OS ANJOS, Renato Russo

Quando a Legião Urbana apareceu nos anos 80 foi muito legal. O rock estava de volta à midia, e com dignidade. Muitos passaram a considerar o Renato Russo um poeta. Hoje, vez por outra, ouço alguma crítica ao compositor dizendo que ele não era um bom letrista, ou seja, que suas letras não eram poéticas.

Talvez, a confusão toda esteja na ideia do que é poético. Acredito que a poesia do Renato Russo esteja mais próxima à ideia de força da palavra, a comunicação direta, ao dizer o que se pensa, e isso para muitas pessoas é poesia.
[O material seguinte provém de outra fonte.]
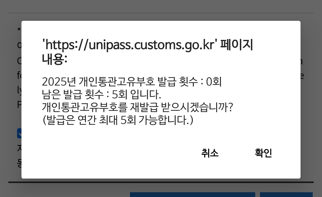 - 관세청에 따르면 개인통관번호는 신규 발급일로부터 1년간 유효합니다 (2026년부터 적용)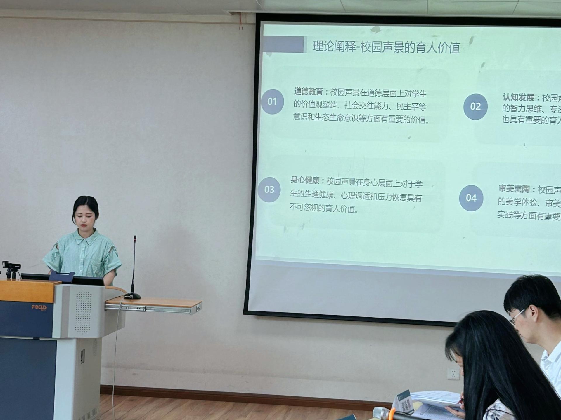 针对高一蓝的硕士论文,答辩委员会进行了评价与提问。孙银光副教授认为在具体框架内容的理论依据上需要完善。并提出问题:一是大中小学声景育人定位的差异是什么?二是声景育人是正向的还是负向的?卢旭副教授指出部分标题需进一步优化,并提出问题:声音舒适是否是育人的必要条件?程红艳教授指出在原因分析方面,对校园的文化生态的分析不足,建设路径缺乏生态校园的意识,并提出问题:小学噪音的状态怎样才被视为是合理的?刘长海教授指出本文选题新颖,但声音可从政治、社会性角度进行分析,从声音视角发现一些更加深入的现象以进行深度调查研究。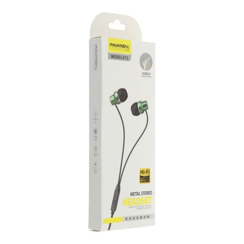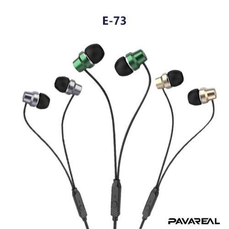 العلامة التجارية: PAVAREAL. الموديل: PA-E73. نوع الاتصال: سلكي. المدخل: 3.5 ملم. طول الكيبل: 1.2 م. حساسية الصوت: 102 ± 3 ديسيبل. المقاومة: 32 اوم. مؤثرات صوت Hi-Fi. ميكروفون HD. مريحة في الارتداء. الصوت المحيطي. الألوان: فضي، ذهبي، اخضر.

O que o coloca na linha poética dos grandes pensadores do rock, como Dylan e Lennon.

No Brasil, não sei de onde vem isso, temos uma tradição intelectualizada de poesia. Aqui, para ser poético, mesmo uma canção popular, a palavra deve conter um ar de mistério, não pode dizer. A música do Renato não é assim. Ela diz. E diz forte. E nessa força está sua carga poética. É um grito, por vezes uma doçura, que muitos entendem. E por representar, torna-se metáfora, faz-se linguagem afetiva; daí temos a poesia, porque emociona, divide dor e revolta.
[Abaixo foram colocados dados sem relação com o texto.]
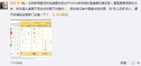 中新经纬客户端注意到,在评论中,不少网友表示支持麦当劳,有网友称,之前新闻里说的包装里检测出PFAS化学物质的是美国的麦当劳,根本就没有中国麦当劳的事。还有网友调侃“金拱门扛下了所有”“你们说的麦当劳,关我金拱门什么事?”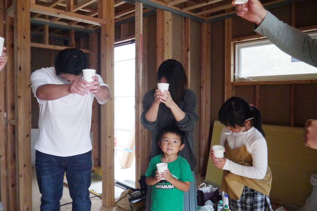 上棟式が終わると、お神酒で乾杯します!

Não importam os conceitos. Acerto aqui que é poesia porque faz o mundo se deslocar. Causa espanto, como diz Ferreira Gullar.
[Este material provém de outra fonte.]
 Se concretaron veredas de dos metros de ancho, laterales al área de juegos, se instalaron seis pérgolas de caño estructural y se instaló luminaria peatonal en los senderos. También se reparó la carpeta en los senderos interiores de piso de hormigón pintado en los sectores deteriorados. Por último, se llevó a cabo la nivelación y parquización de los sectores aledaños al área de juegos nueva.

Leia um trecho da canção OS ANJOS, Renato Russo dá a receita de como fazer um país que é prato cheio para corruptos e aproveitadores:

"Pegue duas medidas de estupidez
junte trinta e quatro partes de mentira
coloque tudo numa forma
untada previamente
com promessas não cumpridas

adicione a seguir o ódio e a inveja
às dez colheres cheias de burrice
mexa tudo e misture bem
e não se esqueça: antes de levar ao forno
temperar com essência de espírito de porco
duas xícaras de indiferença
e um tablete e meio de preguiça"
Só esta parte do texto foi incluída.